(EXTRACTED INFORMATION begins)

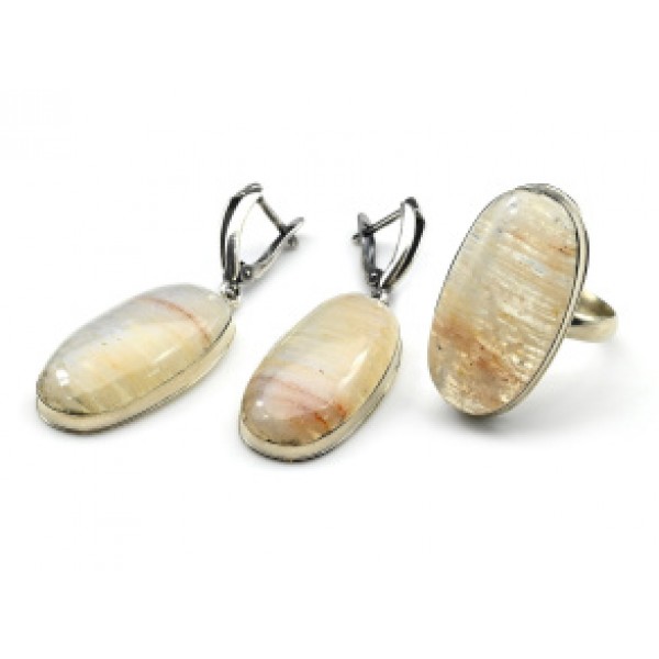 Кольцо и серьги беломорит " Овал "
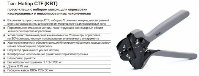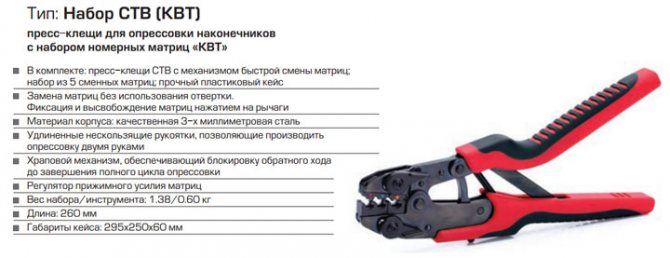 Среди отечественных производителей выделяется фирма КВТ и ее два набора для обжатия:
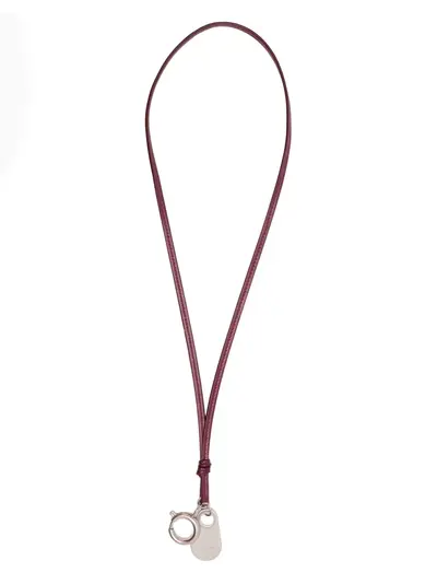dark-red leather cord knotted fastening silver-tone metal spring-ring
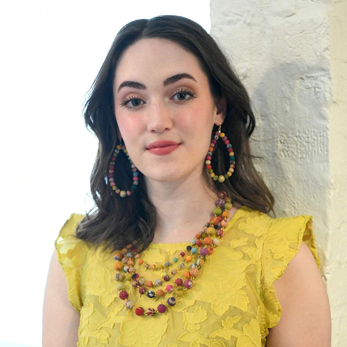 A shimmering gold bead embellishes the center of these colorful, statement-making hoops. Finished with nickel and lead-free ear wires. Very lightweight! Handmade from recycled Kantha textiles, so colors and patterns will vary.
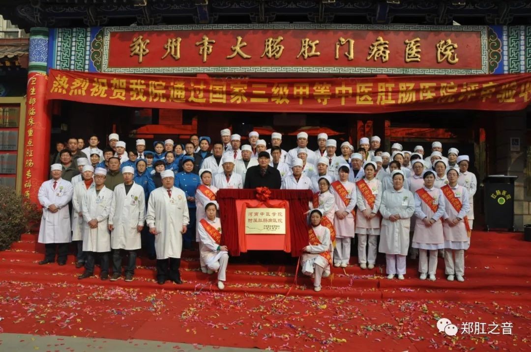 2019年,经过多年来的不懈努力, 发展为拥有6个病区,近200名医护人员,320多张床位的一所集医疗、科研、教学、预防、康复为一体的三级甲等中医专科医院;设有普通病房、标准病房和高档病房,满足患者不同层次的服务需求,被卫生部授予国家临床重点肛肠专科医院,是全国肛肠病协作组组长单位,入选全国区域肛肠诊疗中心及河南省区域肛肠诊疗中心建设单位,成为河南中医药大学附属郑州市大肠肛门病医院,河南省中医(中西医结合)肛肠学会会长单位,是省、市医保及“新农合”定点直补单位,跨省及省内“城乡居民”异地就医定点医院,省、市干部保健基地医院。年门诊量10万多人次、住院病人近万人次、手术量5000多台次,成为河南省当仁不让的肛肠事业领头人,享誉海内外。
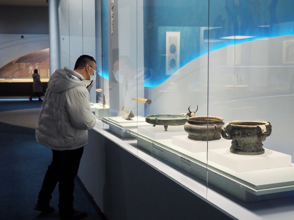 A visitor looks at the bronze exhibits at the National Museum of China. [Photo/IC]
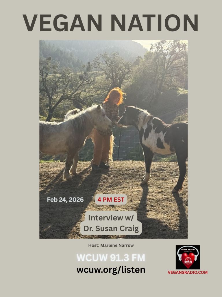 Dr. Susan Craig joins us from Northern California for a Vegan Nation interview. Tune in Tuesday, February 24, 2026, 4 PM EST on WCUW 91.3 FM. WCUW.org/listen. Hosted by Marlene Narrow, Worcester, Massachusetts, USA. vegansradio.com. We’re in The LOBE!
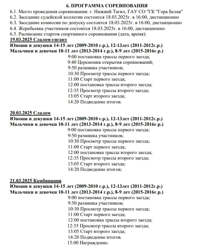 К соревнованиям «Кубок «Горы Белой» допускаются спортсмены в возрастных группах (в соответствии с ЕВСК):
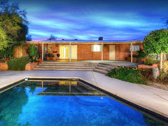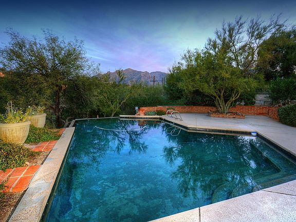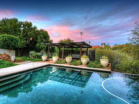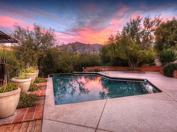 *OPEN HOUSE 12/10 1PM to 4PM* You will be enchanted by the spectacular zen-like backyard oasis of this classic Tucson adobe territorial with lovely Catalina Mountain views featuring a spacious covered patio, mature vegetation and a fabulous raised ramada/deck with swing that overlooks the sparkling pool and magical pond area - what a delightful space to relax and unwind! Inside you will find formal living and dining areas with a cozy fireplace, a generous family room open to the kitchen and 3 bedrooms plus a den that could e
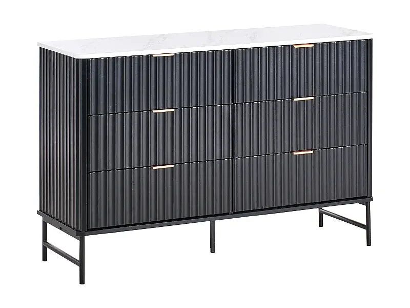 Kommode mit 6 Schubladen und geriffelter Front Modernes Design MDF Metallbeine Marmoreffekt Schwarz Glastonbury Meistverkauft
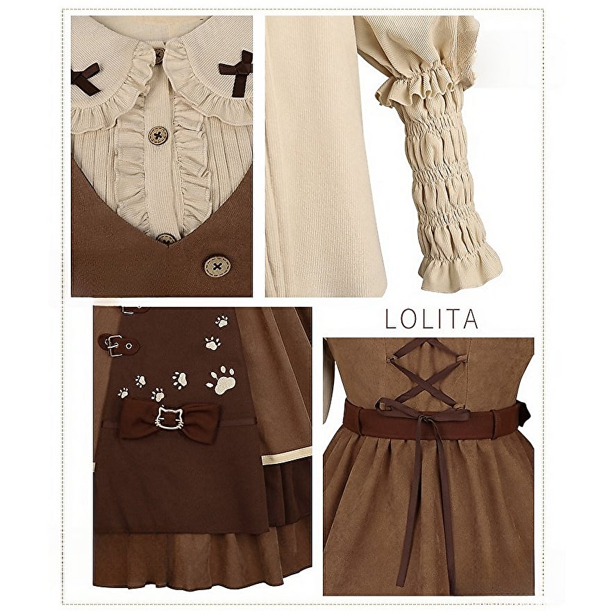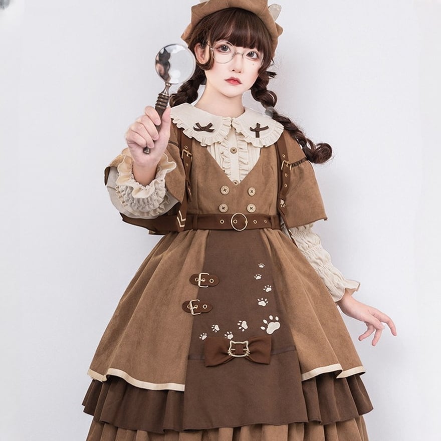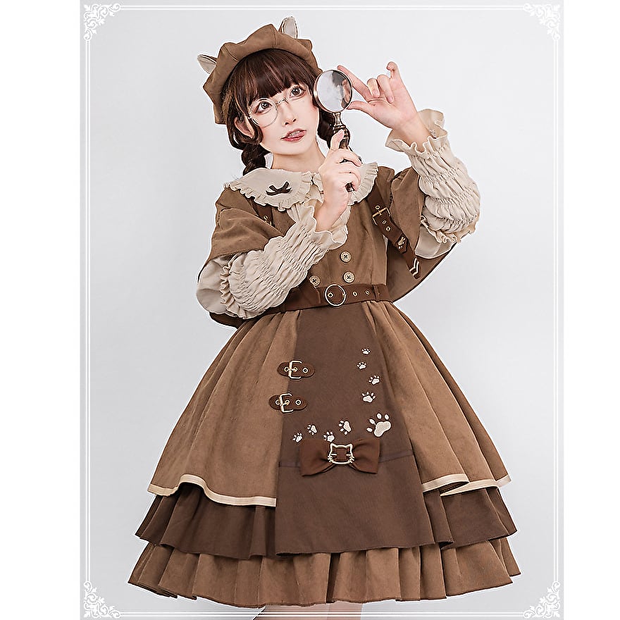 ブラウン系カラーのノスタルジックな印象の猫探偵4点セット割りのオールインワンです。
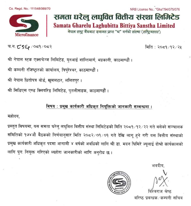 काठमाडौं । समता घरेलु लघुवित्त वित्तीय संस्था लिमिटेडको प्रमुख कार्यकारी अधिकृतमा (सिइओ) मा डा. मदन घिमिरेलाई पुनः नियुक्त गरेको छ ।

(EXTRACTED INFORMATION ends)

▶ **EXERCISE BRIEF**: The records above must be retyped exactly. Please omit the pictures.

▶ **RESPONSE**:
 Кольцо и серьги беломорит " Овал "
 Среди отечественных производителей выделяется фирма КВТ и ее два набора для обжатия:
dark-red leather cord knotted fastening silver-tone metal spring-ring
 A shimmering gold bead embellishes the center of these colorful, statement-making hoops. Finished with nickel and lead-free ear wires. Very lightweight! Handmade from recycled Kantha textiles, so colors and patterns will vary.
 2019年,经过多年来的不懈努力, 发展为拥有6个病区,近200名医护人员,320多张床位的一所集医疗、科研、教学、预防、康复为一体的三级甲等中医专科医院;设有普通病房、标准病房和高档病房,满足患者不同层次的服务需求,被卫生部授予国家临床重点肛肠专科医院,是全国肛肠病协作组组长单位,入选全国区域肛肠诊疗中心及河南省区域肛肠诊疗中心建设单位,成为河南中医药大学附属郑州市大肠肛门病医院,河南省中医(中西医结合)肛肠学会会长单位,是省、市医保及“新农合”定点直补单位,跨省及省内“城乡居民”异地就医定点医院,省、市干部保健基地医院。年门诊量10万多人次、住院病人近万人次、手术量5000多台次,成为河南省当仁不让的肛肠事业领头人,享誉海内外。
 A visitor looks at the bronze exhibits at the National Museum of China. [Photo/IC]
 Dr. Susan Craig joins us from Northern California for a Vegan Nation interview. Tune in Tuesday, February 24, 2026, 4 PM EST on WCUW 91.3 FM. WCUW.org/listen. Hosted by Marlene Narrow, Worcester, Massachusetts, USA. vegansradio.com. We’re in The LOBE!
 К соревнованиям «Кубок «Горы Белой» допускаются спортсмены в возрастных группах (в соответствии с ЕВСК):
 *OPEN HOUSE 12/10 1PM to 4PM* You will be enchanted by the spectacular zen-like backyard oasis of this classic Tucson adobe territorial with lovely Catalina Mountain views featuring a spacious covered patio, mature vegetation and a fabulous raised ramada/deck with swing that overlooks the sparkling pool and magical pond area - what a delightful space to relax and unwind! Inside you will find formal living and dining areas with a cozy fireplace, a generous family room open to the kitchen and 3 bedrooms plus a den that could e
 Kommode mit 6 Schubladen und geriffelter Front Modernes Design MDF Metallbeine Marmoreffekt Schwarz Glastonbury Meistverkauft
 ブラウン系カラーのノスタルジックな印象の猫探偵4点セット割りのオールインワンです。
 काठमाडौं । समता घरेलु लघुवित्त वित्तीय संस्था लिमिटेडको प्रमुख कार्यकारी अधिकृतमा (सिइओ) मा डा. मदन घिमिरेलाई पुनः नियुक्त गरेको छ ।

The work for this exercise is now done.